_WHAT IS NEEDED_
Only the stretch of the listing below that runs from the line with "URL복사 기사공유하기 스크랩" through the line with "4月27日上午,洞庭湖水环境" is to be printed, exactly and with both ends.
================================
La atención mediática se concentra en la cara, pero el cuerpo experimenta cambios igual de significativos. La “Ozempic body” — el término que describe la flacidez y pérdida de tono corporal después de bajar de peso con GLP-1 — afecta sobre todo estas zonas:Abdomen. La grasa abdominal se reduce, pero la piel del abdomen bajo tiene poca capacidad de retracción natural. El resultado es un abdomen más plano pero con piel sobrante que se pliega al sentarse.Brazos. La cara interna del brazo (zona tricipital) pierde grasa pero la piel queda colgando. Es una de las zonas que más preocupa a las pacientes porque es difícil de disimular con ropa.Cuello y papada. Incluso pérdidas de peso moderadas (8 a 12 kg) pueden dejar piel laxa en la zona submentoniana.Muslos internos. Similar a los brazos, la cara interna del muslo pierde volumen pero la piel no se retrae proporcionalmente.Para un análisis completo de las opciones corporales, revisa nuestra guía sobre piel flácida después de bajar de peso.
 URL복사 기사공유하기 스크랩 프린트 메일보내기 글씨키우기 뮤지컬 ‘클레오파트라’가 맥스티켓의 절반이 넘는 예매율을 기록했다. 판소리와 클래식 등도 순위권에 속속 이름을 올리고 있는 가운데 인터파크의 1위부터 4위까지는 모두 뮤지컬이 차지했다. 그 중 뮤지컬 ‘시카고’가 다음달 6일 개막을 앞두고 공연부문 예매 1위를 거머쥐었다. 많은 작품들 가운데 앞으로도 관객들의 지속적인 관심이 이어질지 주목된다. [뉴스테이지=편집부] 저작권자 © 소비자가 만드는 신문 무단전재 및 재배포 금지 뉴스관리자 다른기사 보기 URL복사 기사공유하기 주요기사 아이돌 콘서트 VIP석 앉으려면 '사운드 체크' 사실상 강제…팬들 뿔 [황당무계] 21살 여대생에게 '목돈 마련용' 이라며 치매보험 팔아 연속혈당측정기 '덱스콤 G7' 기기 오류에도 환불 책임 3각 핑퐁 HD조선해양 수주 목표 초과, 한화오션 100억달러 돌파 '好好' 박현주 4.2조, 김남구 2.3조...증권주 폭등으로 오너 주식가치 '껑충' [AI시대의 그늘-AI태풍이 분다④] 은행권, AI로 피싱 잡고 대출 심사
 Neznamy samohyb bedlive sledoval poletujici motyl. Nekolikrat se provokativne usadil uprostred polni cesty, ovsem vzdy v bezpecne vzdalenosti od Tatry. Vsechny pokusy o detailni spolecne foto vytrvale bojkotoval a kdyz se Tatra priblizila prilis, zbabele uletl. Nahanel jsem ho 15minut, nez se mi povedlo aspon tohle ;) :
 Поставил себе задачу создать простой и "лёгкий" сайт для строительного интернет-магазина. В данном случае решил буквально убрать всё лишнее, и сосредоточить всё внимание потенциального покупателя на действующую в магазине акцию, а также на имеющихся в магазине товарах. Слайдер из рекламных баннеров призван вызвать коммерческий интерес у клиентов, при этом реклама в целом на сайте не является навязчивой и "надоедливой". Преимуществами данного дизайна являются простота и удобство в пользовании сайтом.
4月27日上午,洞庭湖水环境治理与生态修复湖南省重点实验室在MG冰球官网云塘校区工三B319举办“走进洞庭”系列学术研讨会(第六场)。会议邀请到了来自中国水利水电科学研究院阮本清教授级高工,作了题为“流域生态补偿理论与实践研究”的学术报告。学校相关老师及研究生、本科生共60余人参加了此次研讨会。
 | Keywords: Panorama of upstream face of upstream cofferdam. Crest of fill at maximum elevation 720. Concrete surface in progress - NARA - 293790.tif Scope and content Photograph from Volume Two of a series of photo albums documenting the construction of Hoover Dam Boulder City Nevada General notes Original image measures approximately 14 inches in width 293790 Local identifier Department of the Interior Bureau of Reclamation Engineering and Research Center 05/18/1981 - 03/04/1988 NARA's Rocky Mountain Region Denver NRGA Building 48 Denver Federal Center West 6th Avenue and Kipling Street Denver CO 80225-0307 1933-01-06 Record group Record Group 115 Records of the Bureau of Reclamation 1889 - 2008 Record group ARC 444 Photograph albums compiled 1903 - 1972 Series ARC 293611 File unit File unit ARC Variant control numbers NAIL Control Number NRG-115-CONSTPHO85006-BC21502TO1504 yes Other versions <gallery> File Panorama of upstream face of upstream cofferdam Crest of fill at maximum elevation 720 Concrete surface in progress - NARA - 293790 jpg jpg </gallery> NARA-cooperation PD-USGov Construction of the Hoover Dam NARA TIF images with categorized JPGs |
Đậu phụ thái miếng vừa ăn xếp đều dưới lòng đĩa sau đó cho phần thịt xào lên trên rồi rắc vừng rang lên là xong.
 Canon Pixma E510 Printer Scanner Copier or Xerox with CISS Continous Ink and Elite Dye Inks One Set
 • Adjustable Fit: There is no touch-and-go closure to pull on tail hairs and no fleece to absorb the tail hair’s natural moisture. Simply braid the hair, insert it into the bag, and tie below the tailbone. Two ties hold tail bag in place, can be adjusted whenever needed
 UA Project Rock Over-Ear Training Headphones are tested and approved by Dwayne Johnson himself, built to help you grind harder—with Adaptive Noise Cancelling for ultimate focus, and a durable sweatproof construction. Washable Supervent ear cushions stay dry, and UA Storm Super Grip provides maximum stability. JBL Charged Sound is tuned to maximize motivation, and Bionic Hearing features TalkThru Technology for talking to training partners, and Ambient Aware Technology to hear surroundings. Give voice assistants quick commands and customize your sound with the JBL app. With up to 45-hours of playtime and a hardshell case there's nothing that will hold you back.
================================
_SOLUTION TO THIS EXERCISE_
 URL복사 기사공유하기 스크랩 프린트 메일보내기 글씨키우기 뮤지컬 ‘클레오파트라’가 맥스티켓의 절반이 넘는 예매율을 기록했다. 판소리와 클래식 등도 순위권에 속속 이름을 올리고 있는 가운데 인터파크의 1위부터 4위까지는 모두 뮤지컬이 차지했다. 그 중 뮤지컬 ‘시카고’가 다음달 6일 개막을 앞두고 공연부문 예매 1위를 거머쥐었다. 많은 작품들 가운데 앞으로도 관객들의 지속적인 관심이 이어질지 주목된다. [뉴스테이지=편집부] 저작권자 © 소비자가 만드는 신문 무단전재 및 재배포 금지 뉴스관리자 다른기사 보기 URL복사 기사공유하기 주요기사 아이돌 콘서트 VIP석 앉으려면 '사운드 체크' 사실상 강제…팬들 뿔 [황당무계] 21살 여대생에게 '목돈 마련용' 이라며 치매보험 팔아 연속혈당측정기 '덱스콤 G7' 기기 오류에도 환불 책임 3각 핑퐁 HD조선해양 수주 목표 초과, 한화오션 100억달러 돌파 '好好' 박현주 4.2조, 김남구 2.3조...증권주 폭등으로 오너 주식가치 '껑충' [AI시대의 그늘-AI태풍이 분다④] 은행권, AI로 피싱 잡고 대출 심사
 Neznamy samohyb bedlive sledoval poletujici motyl. Nekolikrat se provokativne usadil uprostred polni cesty, ovsem vzdy v bezpecne vzdalenosti od Tatry. Vsechny pokusy o detailni spolecne foto vytrvale bojkotoval a kdyz se Tatra priblizila prilis, zbabele uletl. Nahanel jsem ho 15minut, nez se mi povedlo aspon tohle ;) :
 Поставил себе задачу создать простой и "лёгкий" сайт для строительного интернет-магазина. В данном случае решил буквально убрать всё лишнее, и сосредоточить всё внимание потенциального покупателя на действующую в магазине акцию, а также на имеющихся в магазине товарах. Слайдер из рекламных баннеров призван вызвать коммерческий интерес у клиентов, при этом реклама в целом на сайте не является навязчивой и "надоедливой". Преимуществами данного дизайна являются простота и удобство в пользовании сайтом.
4月27日上午,洞庭湖水环境治理与生态修复湖南省重点实验室在MG冰球官网云塘校区工三B319举办“走进洞庭”系列学术研讨会(第六场)。会议邀请到了来自中国水利水电科学研究院阮本清教授级高工,作了题为“流域生态补偿理论与实践研究”的学术报告。学校相关老师及研究生、本科生共60余人参加了此次研讨会。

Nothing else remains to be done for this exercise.